§ INSTRUCTIONS TO FOLLOW: In the records below, find the line containing "ケープ部分をストール風にしたり、ボウタイにしたりと、" and the line containing "La Superintendencia Nacional". Give again exactly those lines and every line between them, omitting the pictures.

== RECORDED DATA ==

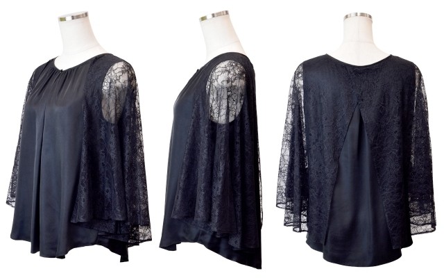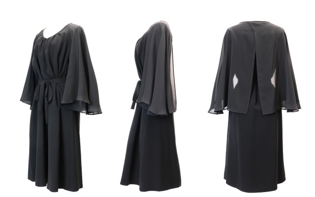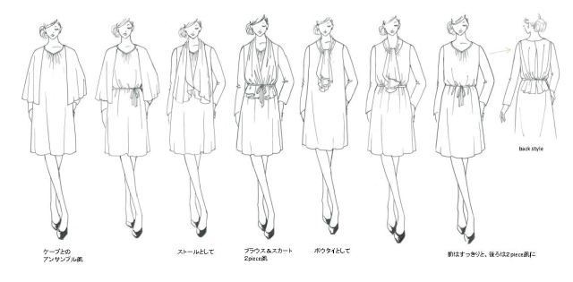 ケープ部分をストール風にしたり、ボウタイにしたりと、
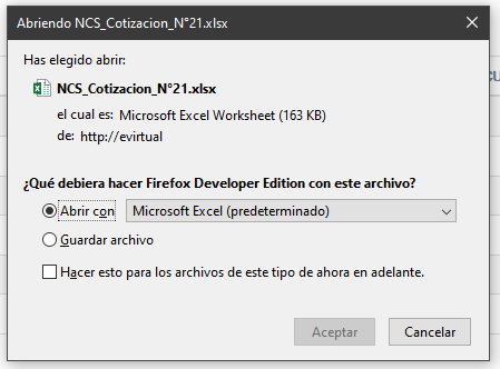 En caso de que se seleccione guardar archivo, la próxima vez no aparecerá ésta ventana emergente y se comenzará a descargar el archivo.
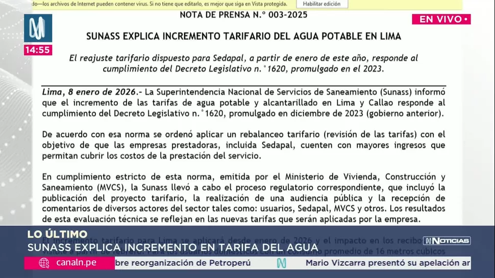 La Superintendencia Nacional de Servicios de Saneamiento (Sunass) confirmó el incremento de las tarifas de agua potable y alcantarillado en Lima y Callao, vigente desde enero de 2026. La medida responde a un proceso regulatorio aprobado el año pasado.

===
== RECORDED DATA ==

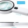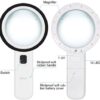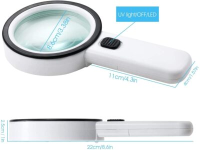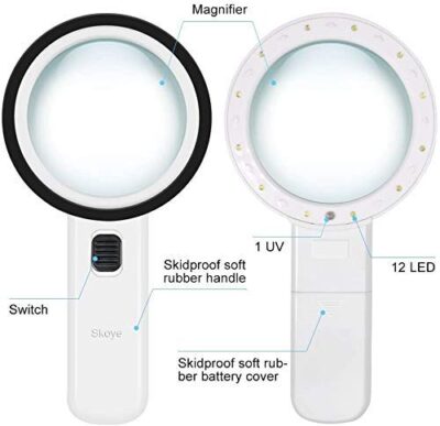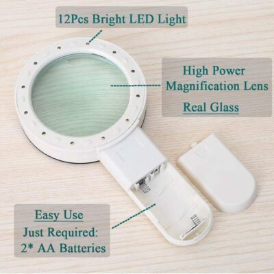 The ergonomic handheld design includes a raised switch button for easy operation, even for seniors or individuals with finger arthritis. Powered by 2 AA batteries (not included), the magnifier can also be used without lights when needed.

===
== RECORDED DATA ==

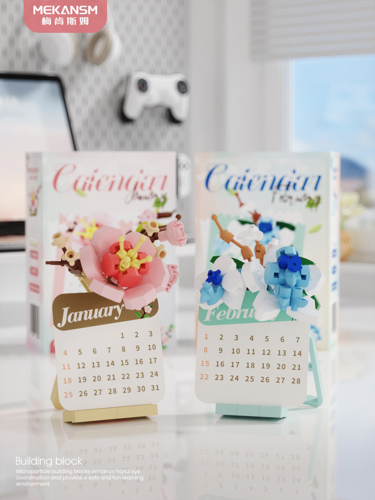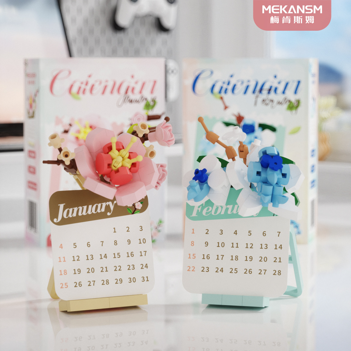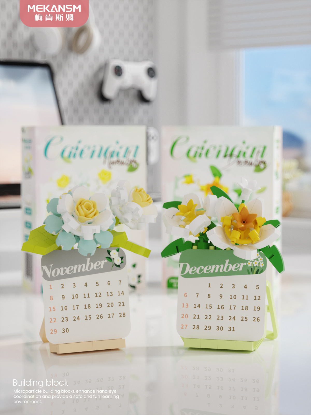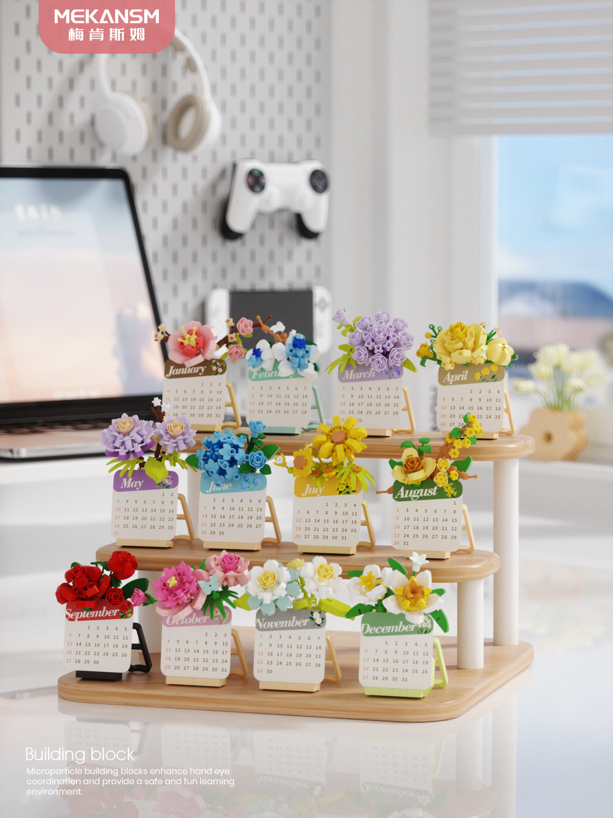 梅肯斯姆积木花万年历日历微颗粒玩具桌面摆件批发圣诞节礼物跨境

===

§ REPLY:
 ケープ部分をストール風にしたり、ボウタイにしたりと、
 En caso de que se seleccione guardar archivo, la próxima vez no aparecerá ésta ventana emergente y se comenzará a descargar el archivo.
 La Superintendencia Nacional de Servicios de Saneamiento (Sunass) confirmó el incremento de las tarifas de agua potable y alcantarillado en Lima y Callao, vigente desde enero de 2026. La medida responde a un proceso regulatorio aprobado el año pasado.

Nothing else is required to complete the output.